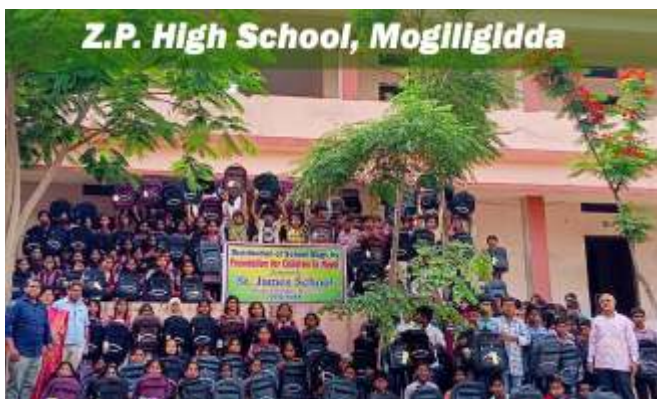
Z.P. High School, Mogilligadda
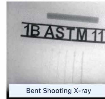
Bent Shooting X-ray
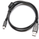
CHAT USB Cable 830-159-001
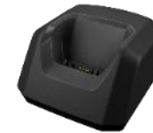
DC3-AAxD Supports Ascom d83 only
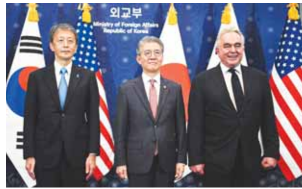
South Korea's First Vice Foreign Minister Kim Hong-kyun, center, poses for photos with United States Deputy Secretary of State Kurt Campbell (right) and Japan's Vice Foreign Minister Masataka Okano during their trilateral meeting at the Foreign Ministry in Seoul on Wednesday.
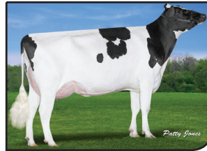
CLAYNOOK FABBY SILVER VG-87-2YR-CAN 02-01 305 11557M 491F 4.3% 393P 3.4%
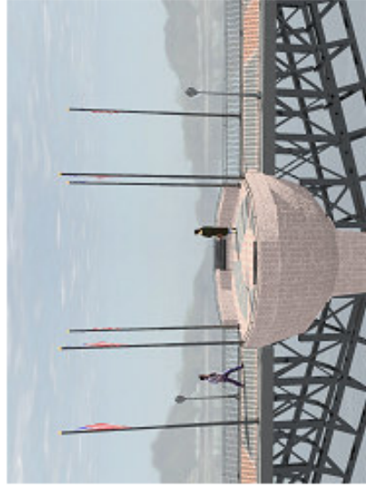
BIRD'S EYE PERSPECTIVE
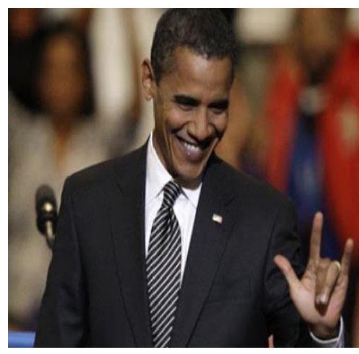
Barack How The Illuminati Made Obama President
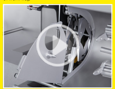
Separator cleaning flap
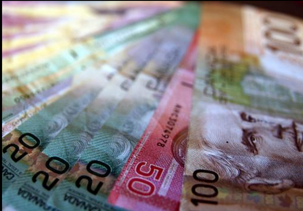
Photography: Money by duckiemonster
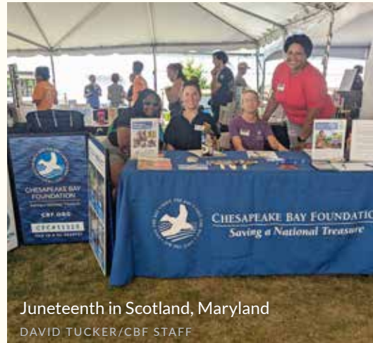
Juneteenth in Scotland, Maryland

SUPPORTED PARTNER GROUPS THROUGHOUT THE WATERSHED, such as the Nansemond Indian Nation in Virginia in its successful efforts to regain 71 acres of their riverfront ancestral land after centuries of displacement. CBF will continue to work with the Tribe on conservation projects to restore this sacred land.
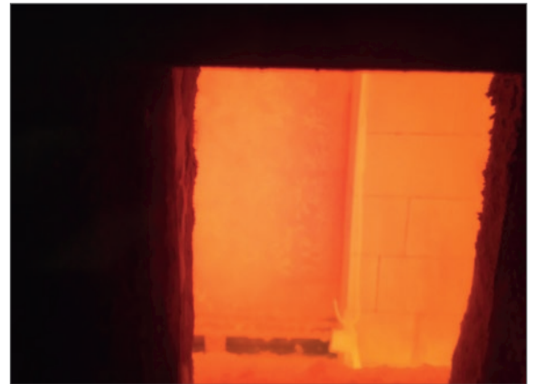
View into the inside during the test
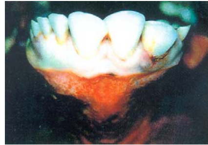
Cattle at 30 months of age

NOTE: For the purposes of certification of cattle and bison for export to the U.S., an animal is considered to be 30 months or older if either tooth of the second set of incisors has erupted through the gums.
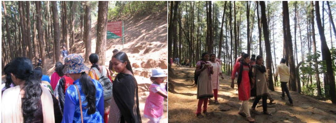
In pine forest enjoying its coolness
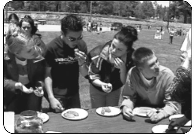
Some brave souls at the pickle-eating contest.

Over a year was spent planning the celebratory events, which were all free and open to the public. On May 2, a time capsule was buried in front of the Show Low Police Department. Filled with items to remind future residents of what our city was like in 2003, it will be unearthed 50 years from now. A talent show featuring
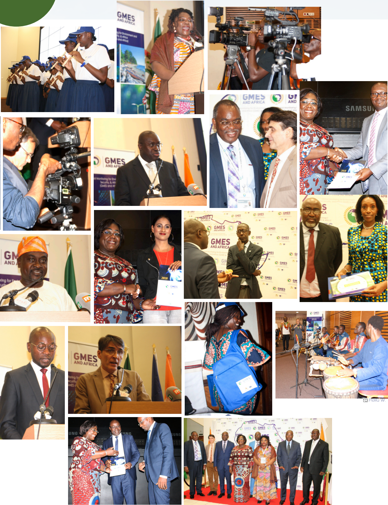
Grant award ceremony for thirteen successful consortia of African institutions-Abidjan
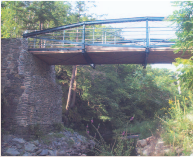
Bridge at Malta, August 2003

replacement of a historic structure with a historic structure providing a crossing for pedestrians and bicycles at a reasonable cost. The SHPO was supportive of the project and indicated that the bridge at its new site would also be eligible for the National Register. After several public hearings, the project was approved and CHA was retained to prepare a TEA 21 (Transportation Equity Act for the 21st Century) proposal. The proposal was then submitted, with the Town committing to cover 20% of the project.
##########
**EXERCISE OBJECTIVE:**
Once the line containing "South Korea's First" has been located, transcribe exactly and only every line from the first line of the entries through it, excluding pictures.

**REPLY:**
Z.P. High School, Mogilligadda
Bent Shooting X-ray
CHAT USB Cable 830-159-001
DC3-AAxD Supports Ascom d83 only
South Korea's First Vice Foreign Minister Kim Hong-kyun, center, poses for photos with United States Deputy Secretary of State Kurt Campbell (right) and Japan's Vice Foreign Minister Masataka Okano during their trilateral meeting at the Foreign Ministry in Seoul on Wednesday.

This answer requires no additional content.